What Does NOT Happen Here

❌ No cleaning
❌ No transformations
❌ No joins
❌ No filtering (except maybe date ranges for incremental loads)

Example Bronze Node

- name: bronze_sales_orders
  read:
    connection: erp_database
    table: dbo.SalesOrders
  write:
    connection: datalake
    path: bronze/sales_orders
    format: delta

The Golden Rule of Bronze

"If the source system has garbage data, Bronze has garbage data. That's okay."


Layer 2: Silver (Cleaned & Conformed)

Purpose

Clean and standardize ONE source at a time. Make it trustworthy.

The Key Question

"Could this node run if only ONE source system existed?"

If YES → Silver ✓
If NO → Probably Gold

Reference Tables Are Allowed in Silver

The One-Source Test refers to business source systems, not reference/lookup data.

Silver CAN join with:

  • Reference/lookup tables (code mappings, static lists)
  • Dimension lookups for enrichment (product_code → product_name)
  • Self-joins within the same source

Silver should NOT join:

  • Multiple business source systems (SAP + Salesforce → use Gold)

What Happens Here

1. Data Cleaning

Fixing problems in the source data.

Operation Example Category
Deduplication ROW_NUMBER() OVER (PARTITION BY id ORDER BY updated_at DESC) Cleaning
Remove bad characters REPLACE(name, '"', '') Cleaning
Fix typos REPLACE(status, 'Actve', 'Active') Cleaning
Handle nulls COALESCE(middle_name, '') Cleaning
Trim whitespace TRIM(customer_name) Cleaning
-- Example: Cleaning product codes
CASE
    WHEN LEFT(REPLACE(product_code, '"', ''), 1) = 'X'
    THEN SUBSTRING(REPLACE(product_code, '"', ''), 2)
    ELSE REPLACE(product_code, '"', '')
END AS product_code

2. Type Casting & Standardization

Making data types consistent.

Operation Example Category
Cast types CAST(date_string AS DATE) Standardization
Parse timestamps to_timestamp(date_col) Standardization
Unit conversion hours * 60 AS duration_minutes Standardization
Standardize casing UPPER(country_code) Standardization
-- Example: Standardizing dates
to_timestamp(order_date) AS order_date,
DATEDIFF(to_date(order_date), to_date('2020-01-01')) + 1 AS date_id

3. Conforming to Standard Schema

Mapping source-specific values to enterprise-standard values.

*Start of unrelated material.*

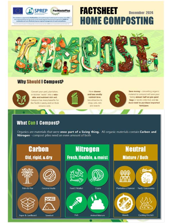 The factsheet outlines the fundamental components necessary for successful composting, focusing on achieving a balanced mix of carbon-rich (brown) and nitrogen-rich (green) materials. It introduces the 4Rs of composting - Reduce, Reuse, Recycle and Rot - as a framework for sustainable waste management. Additionally, the document offers practical tips for composting in various settings, from small urban gardens to larger community plots, and highlights the positive impacts on soil health and local ecosystems. This publication serves as a valuable tool for individuals and communities aiming to reduce waste, enhance soil fertility, and contribute to environmental sustainability in the Pacific region.

Operation Example Category
Code mapping 'M1' → 'Machine 1' Conforming
Category standardization 'Sched%' → 'Scheduled' Conforming
Rename columns cust_id AS customer_id Conforming
Add source context 'West Region' AS region_name Conforming
-- Example: Mapping source codes to standard names
CASE
    WHEN machine_code = 'M1' THEN 'Machine 1'
    WHEN machine_code = 'M2' THEN 'Machine 2'
    WHEN machine_code = 'M3' THEN 'Machine 3'
END AS machine_name,

CASE
    WHEN category LIKE '%Sched%' THEN 'Scheduled'
    WHEN category LIKE '%Maint%' THEN 'Maintenance'
    WHEN category LIKE '%Breakdown%' THEN 'Unplanned'
    ELSE 'Other'
END AS downtime_category

4. Enrichment via Lookups

Adding dimension attributes from reference tables.

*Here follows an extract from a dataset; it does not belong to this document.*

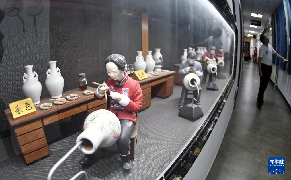 京彩瓷博物馆展示的京彩瓷制作流程陶人像(6月18日摄)。

Operation Example Category
Join to calendar Get date_id from date dimension Enrichment
Join to location Get location_id from location dimension Enrichment
Join to reason codes Get reason_id from reason lookup Enrichment
Join to product master Get product_name from product dim Enrichment
-- Example: Enriching with dimension lookups
SELECT
    e.event_id,
    e.event_date,
    e.duration_minutes,
    r.reason_id,           -- From reason code lookup
    l.location_id          -- From location dimension
FROM events e
LEFT JOIN reason_codes r
    ON r.category = e.category 
LEFT JOIN dim_location l
    ON e.site_code = l.site_code

5. Soft Delete Detection

Tracking records that exist in Bronze but no longer exist in the source.

Operation Example Category
Compare snapshots Find missing keys Delete Detection
Flag deleted records _is_deleted = true Delete Detection
Filter active records WHERE _is_deleted = false Delete Detection

What Does NOT Happen Here

❌ Combining data from multiple source systems
❌ Business calculations (like KPIs, ratios)
❌ Aggregations for reporting
❌ Creating facts that span multiple sources

Example Silver Node

- name: cleaned_warehouse_events
  inputs:
    input_name: $bronze.warehouse_event_log
  depends_on:
    - cleaned_reason_codes     # Lookup table
    - cleaned_dim_location     # Dimension table
  transformer: deduplicate
  params:
    keys: [event_id]
    order_by: "_extracted_at DESC"
  transform:
    steps:
      - sql: |
          SELECT
              to_timestamp(event_date) AS event_date,
              DATEDIFF(to_date(event_date), '2020-01-01') + 1 AS date_id,
              'Warehouse A' AS location_name,
              CASE WHEN machine = 'M1' THEN 'Machine 1' ... END AS machine_name,
              duration_hours * 60 AS duration_minutes
          FROM df
      - function: detect_deletes
        params:
          mode: sql_compare
          keys: [event_id]

The Golden Rule of Silver

"One source in, one cleaned version out. The output should be the best possible version of that single source."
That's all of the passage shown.